• **To do**
Starting with the line where "The VHF / UHF" appears, print every line through the end of the entries below exactly as it stands, and leave out the pictures.

─── Exercise input

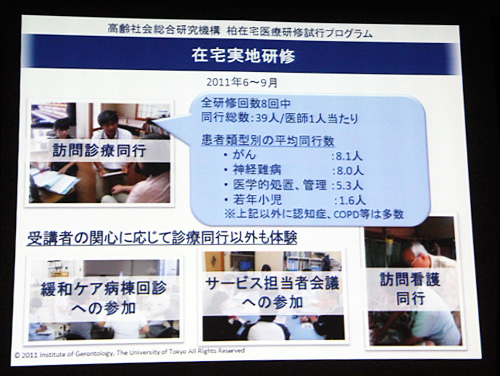 多職種連携の研修には、医師以外にも看護師、薬剤師、ソーシャルワーカー、ケアマネジャーなど文字通り多くの職種の方々が参加し、認知症、栄養・嚥下(えんげ)、褥瘡(じょくそう)、緩和ケアの4つをテーマに講義と演習を行った。また、一般の開業医である受講者が在宅専門医や訪問看護師と一緒になって、訪問診療や訪問看護などを体験する在宅実地研修も実施された。2011年10月には、総括シンポジウムを開催し研修は終了したが、現在も受講者らが参加するワーキンググループが作られ、多職種が連携しやすいシステムの構築を目指して検討が続けられているという。
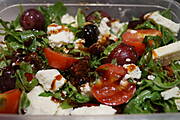 Sałatka do pracy ...rukola,oliwki,pomidory suszone,pomidory koktajlowe,winogrona,ser typu włoskiego i sos balsamiczny ...
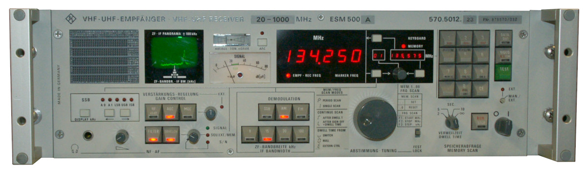 The VHF / UHF receiver ESM 500A from Rohde & Schwarz was used as standalone monitoring receiver with army designation E-664 and also as receiver of the P-736 VHF direction finding system.
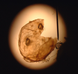 clumps of peat fibre but occaisionally a few eggs were found in a floating mop.
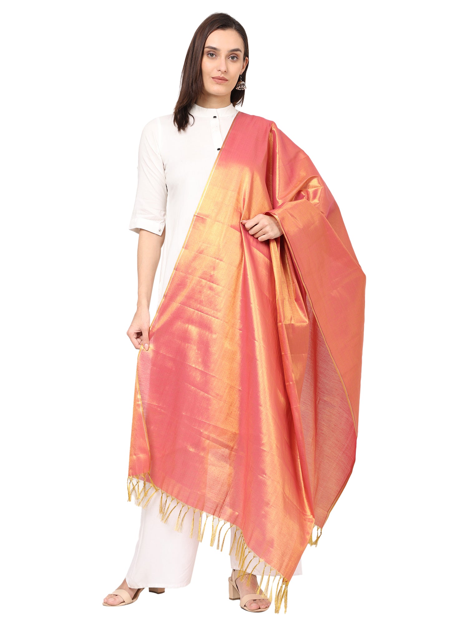 Women's Soild Silk Plain Dupatta - Gold/Rani Pink
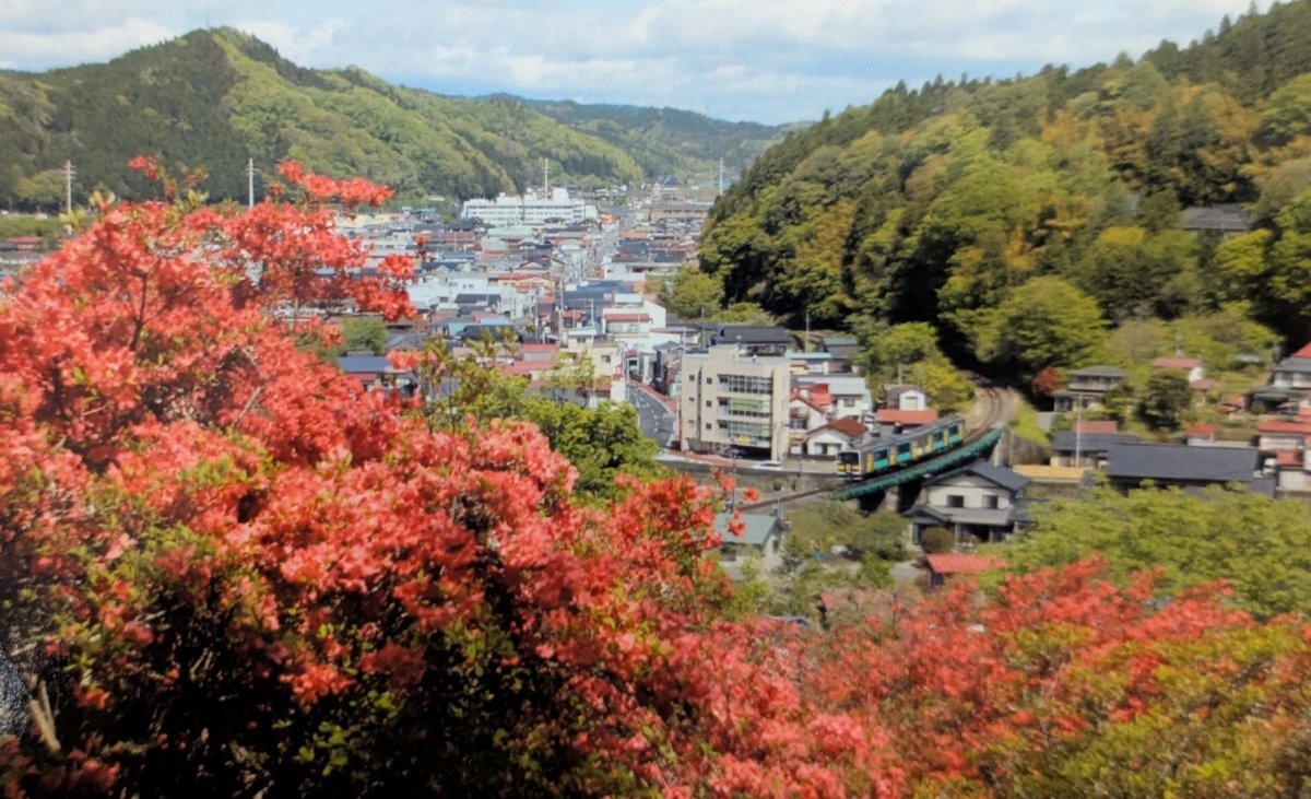 #みんなのカーブ写真見てみたい 塙町風呂山公園からの光景。 ヤマツツジと水郡線の列車。 pic.x.com/DQaerphnpT

──────

• **Expected answer**
 The VHF / UHF receiver ESM 500A from Rohde & Schwarz was used as standalone monitoring receiver with army designation E-664 and also as receiver of the P-736 VHF direction finding system.
 clumps of peat fibre but occaisionally a few eggs were found in a floating mop.
 Women's Soild Silk Plain Dupatta - Gold/Rani Pink
 #みんなのカーブ写真見てみたい 塙町風呂山公園からの光景。 ヤマツツジと水郡線の列車。 pic.x.com/DQaerphnpT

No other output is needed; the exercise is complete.